Director, Oral Medicine Specialty Program, Sheba Medical Center
Head of DentoMaxillofacial Radiology Service, Sheba Medical Center
DMD (Dental Medical Doctor), Tel-Aviv University
Oral Medicine specialist
[email protected]

What drove you to specialize in oral medicine?

I come from a family of dentists, including my grandmother, mom, dad and brother. So, I was surrounded by dentists and dental knowledge, all around me, from childhood. But when I started studying at university, I chose to study medicine instead. I thought medicine would be more interesting and fulfilling and did not want to follow my family trait. So, I studied medicine for 3 years. However, in the 3rd year I was exposed to life in the hospital and decided it was not for me. I wanted to work in something that enables a better work-life balance. Something that would allow me to be dedicated to my career as well as to raising a family.
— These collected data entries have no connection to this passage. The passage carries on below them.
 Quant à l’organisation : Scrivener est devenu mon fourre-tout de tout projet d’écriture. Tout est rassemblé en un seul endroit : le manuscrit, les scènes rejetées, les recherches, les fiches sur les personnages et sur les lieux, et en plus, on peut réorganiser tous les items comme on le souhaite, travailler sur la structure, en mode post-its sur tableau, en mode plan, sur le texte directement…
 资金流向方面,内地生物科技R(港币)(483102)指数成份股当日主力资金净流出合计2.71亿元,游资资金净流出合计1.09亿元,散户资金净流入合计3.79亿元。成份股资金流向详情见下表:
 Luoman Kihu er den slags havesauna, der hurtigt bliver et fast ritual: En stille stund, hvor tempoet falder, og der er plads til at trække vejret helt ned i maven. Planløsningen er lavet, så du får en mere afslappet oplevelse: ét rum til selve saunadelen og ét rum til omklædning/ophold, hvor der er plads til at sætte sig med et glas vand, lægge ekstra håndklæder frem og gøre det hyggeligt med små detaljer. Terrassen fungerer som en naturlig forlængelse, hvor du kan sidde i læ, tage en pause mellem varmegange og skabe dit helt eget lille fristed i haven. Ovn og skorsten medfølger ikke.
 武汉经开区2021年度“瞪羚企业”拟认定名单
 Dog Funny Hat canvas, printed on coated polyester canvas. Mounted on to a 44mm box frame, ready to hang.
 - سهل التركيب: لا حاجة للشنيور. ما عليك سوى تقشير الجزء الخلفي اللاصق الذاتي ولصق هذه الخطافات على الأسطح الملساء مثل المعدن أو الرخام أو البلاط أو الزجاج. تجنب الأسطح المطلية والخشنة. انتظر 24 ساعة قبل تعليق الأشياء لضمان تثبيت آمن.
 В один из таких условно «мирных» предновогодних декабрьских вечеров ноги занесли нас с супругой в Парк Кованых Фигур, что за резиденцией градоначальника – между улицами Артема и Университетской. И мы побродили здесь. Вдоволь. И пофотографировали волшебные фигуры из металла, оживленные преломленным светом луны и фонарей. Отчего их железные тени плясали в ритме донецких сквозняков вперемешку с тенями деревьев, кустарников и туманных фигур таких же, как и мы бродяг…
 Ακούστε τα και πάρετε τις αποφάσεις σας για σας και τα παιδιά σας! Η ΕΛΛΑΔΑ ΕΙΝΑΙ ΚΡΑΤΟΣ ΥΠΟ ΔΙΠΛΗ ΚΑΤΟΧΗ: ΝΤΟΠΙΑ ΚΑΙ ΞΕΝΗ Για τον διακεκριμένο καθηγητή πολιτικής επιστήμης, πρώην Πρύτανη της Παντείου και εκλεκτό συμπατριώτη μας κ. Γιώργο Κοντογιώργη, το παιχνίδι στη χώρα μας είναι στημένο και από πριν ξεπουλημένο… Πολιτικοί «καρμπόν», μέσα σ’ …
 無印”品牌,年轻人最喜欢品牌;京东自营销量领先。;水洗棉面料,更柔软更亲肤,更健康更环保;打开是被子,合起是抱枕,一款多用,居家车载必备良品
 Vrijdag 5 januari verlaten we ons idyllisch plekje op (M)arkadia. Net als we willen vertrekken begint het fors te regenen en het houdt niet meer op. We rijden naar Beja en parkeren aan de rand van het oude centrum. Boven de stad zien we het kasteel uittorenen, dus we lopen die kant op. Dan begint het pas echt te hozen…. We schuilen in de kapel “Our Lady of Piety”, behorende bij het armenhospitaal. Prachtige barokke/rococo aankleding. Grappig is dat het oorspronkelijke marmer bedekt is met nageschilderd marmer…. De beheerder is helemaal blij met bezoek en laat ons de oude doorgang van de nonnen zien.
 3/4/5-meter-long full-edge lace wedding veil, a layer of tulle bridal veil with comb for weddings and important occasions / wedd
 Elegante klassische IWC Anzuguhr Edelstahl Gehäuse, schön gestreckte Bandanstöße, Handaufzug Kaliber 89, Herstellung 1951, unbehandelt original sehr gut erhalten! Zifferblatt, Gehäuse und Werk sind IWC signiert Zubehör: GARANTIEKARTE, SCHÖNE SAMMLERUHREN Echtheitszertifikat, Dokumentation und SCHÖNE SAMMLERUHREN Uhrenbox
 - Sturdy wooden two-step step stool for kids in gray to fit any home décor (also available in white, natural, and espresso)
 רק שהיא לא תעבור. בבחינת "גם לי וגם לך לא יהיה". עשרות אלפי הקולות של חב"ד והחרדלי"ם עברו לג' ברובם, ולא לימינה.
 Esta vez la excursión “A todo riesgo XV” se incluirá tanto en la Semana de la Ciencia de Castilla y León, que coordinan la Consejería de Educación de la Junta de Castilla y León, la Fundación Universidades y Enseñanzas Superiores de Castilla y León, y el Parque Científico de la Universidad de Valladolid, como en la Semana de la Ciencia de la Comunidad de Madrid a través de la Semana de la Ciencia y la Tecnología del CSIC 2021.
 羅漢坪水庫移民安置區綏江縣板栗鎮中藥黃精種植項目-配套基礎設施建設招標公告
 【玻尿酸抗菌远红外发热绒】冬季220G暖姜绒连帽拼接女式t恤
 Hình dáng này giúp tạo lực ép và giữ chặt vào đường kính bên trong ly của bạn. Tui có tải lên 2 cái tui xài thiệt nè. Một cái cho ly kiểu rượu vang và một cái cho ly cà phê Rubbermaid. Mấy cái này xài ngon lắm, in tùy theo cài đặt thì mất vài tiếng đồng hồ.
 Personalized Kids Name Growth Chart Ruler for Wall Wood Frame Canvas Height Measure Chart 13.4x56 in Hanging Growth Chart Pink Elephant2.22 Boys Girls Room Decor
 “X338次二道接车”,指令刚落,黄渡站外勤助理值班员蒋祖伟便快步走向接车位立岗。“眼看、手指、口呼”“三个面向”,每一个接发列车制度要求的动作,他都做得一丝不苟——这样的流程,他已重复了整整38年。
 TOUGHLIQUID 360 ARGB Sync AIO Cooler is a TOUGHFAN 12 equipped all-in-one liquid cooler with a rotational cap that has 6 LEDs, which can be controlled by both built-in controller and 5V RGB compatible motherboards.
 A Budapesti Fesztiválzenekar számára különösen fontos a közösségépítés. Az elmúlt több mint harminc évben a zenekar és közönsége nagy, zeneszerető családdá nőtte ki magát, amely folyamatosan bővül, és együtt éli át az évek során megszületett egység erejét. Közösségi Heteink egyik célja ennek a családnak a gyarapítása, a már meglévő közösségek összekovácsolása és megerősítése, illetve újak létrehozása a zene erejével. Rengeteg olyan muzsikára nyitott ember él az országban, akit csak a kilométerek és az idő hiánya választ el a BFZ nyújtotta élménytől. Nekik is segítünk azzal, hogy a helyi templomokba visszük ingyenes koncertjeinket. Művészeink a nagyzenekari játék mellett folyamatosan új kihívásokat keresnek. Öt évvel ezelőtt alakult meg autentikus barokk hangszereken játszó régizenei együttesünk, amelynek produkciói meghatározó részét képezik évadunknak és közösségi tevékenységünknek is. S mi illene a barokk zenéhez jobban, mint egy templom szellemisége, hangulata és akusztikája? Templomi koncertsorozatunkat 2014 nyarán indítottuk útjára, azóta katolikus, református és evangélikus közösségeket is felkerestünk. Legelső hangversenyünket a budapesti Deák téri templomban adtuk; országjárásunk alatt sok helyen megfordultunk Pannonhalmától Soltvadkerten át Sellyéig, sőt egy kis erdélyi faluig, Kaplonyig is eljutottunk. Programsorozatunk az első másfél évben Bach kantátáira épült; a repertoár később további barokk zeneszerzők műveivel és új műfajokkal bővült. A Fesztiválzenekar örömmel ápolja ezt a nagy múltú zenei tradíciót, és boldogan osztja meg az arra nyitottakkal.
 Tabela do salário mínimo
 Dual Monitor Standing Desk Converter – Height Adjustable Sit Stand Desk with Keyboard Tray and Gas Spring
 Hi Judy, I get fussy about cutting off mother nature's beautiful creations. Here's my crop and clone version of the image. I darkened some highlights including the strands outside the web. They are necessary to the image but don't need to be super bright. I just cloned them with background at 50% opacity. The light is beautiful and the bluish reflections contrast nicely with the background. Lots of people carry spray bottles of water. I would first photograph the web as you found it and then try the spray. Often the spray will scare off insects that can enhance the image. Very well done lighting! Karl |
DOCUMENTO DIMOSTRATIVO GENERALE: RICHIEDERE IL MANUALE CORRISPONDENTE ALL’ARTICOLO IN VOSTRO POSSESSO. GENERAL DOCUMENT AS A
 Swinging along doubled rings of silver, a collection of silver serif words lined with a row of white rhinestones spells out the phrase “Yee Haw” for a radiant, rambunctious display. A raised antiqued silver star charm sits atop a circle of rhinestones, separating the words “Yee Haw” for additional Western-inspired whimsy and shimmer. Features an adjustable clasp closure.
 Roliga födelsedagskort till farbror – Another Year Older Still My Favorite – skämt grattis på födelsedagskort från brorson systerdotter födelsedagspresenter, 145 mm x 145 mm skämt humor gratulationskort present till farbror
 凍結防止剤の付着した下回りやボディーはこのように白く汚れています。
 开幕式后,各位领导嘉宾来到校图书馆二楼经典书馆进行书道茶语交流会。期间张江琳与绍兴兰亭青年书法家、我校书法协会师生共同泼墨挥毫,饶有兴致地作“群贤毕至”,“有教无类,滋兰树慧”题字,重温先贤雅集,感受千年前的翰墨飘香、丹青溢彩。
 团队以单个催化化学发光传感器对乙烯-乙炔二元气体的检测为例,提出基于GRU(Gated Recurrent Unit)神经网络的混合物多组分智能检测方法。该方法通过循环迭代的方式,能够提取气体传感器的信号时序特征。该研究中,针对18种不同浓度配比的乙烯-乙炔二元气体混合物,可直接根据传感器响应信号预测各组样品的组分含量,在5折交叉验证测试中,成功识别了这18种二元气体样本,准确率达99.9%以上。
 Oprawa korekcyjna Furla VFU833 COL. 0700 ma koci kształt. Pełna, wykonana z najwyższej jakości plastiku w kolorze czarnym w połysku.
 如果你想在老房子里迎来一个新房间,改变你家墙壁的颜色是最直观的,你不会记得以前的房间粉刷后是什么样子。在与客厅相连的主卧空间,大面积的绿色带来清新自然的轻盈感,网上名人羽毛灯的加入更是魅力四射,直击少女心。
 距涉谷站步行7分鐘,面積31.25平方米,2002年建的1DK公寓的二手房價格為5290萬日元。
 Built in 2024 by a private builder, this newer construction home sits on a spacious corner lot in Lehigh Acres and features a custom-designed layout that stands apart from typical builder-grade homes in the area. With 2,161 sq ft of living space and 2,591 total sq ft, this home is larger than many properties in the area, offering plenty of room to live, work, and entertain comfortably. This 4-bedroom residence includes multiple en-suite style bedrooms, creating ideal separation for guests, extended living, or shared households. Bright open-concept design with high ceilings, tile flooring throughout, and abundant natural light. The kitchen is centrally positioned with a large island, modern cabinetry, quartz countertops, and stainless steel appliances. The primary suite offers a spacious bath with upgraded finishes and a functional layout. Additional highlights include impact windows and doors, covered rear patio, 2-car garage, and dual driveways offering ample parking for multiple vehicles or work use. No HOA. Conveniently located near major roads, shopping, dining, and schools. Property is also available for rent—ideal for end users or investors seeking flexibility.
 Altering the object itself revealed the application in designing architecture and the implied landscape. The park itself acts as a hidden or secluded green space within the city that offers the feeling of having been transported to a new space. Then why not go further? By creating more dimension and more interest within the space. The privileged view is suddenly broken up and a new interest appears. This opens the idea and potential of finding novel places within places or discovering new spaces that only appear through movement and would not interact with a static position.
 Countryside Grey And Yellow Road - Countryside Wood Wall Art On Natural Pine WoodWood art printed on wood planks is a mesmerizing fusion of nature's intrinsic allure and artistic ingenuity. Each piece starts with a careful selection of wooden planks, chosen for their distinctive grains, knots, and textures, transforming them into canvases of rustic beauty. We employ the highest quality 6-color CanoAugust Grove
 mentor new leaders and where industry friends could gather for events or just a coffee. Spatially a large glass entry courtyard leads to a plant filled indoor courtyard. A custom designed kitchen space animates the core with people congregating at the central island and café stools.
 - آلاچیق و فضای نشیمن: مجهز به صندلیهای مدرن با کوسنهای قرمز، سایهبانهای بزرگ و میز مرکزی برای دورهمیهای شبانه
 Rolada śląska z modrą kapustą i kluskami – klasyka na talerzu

As a result, I made a “U-turn”, and specialized in Oral Medicine. It turned out that my 3 years of general medicine studies helped me and were pretty useful for completing the Oral Medicine specialty. There is a lot of overlap between medicine and oral medicine, and general medicine studies also provided me with a broader perspective and a whole-body-system approach to treating patients.

During my specialty studies, I found I was interested in oral and maxillofacial radiology and in Digital Imaging. That was, at that time (1999), a new field of expertise, which fascinated me, and felt like something I could excel at. But in Israel, at that time, there was no specialty program for Dental Radiology, so I ended up specializing in Oral Medicine, which included Dental Radiology as a sub-discipline in it.

What drives you in your profession?

My passion is to innovate, to introduce new technologies that enable dentists to provide better care and improved treatment. Routine makes me bored easily, and I look for things to develop, as I like and welcome challenges.

For 11 years I managed the DentoMaxilloFacial unit at The Hadassah University Hospital – Ein-Kerem, in Jerusalem. During that period, I launched two innovative solutions CR (Computed Radiography) in 2005 and DR (Digital Radiography) in 2010. Getting veteran colleagues to adopt new technologies was challenging, while the younger generation of dentists were keen to adopt. In 2005 I introduced the first Cone Beam scanner implemented into a dental school in Israel, a NewTom machine, which was still used in supine (laying back) position.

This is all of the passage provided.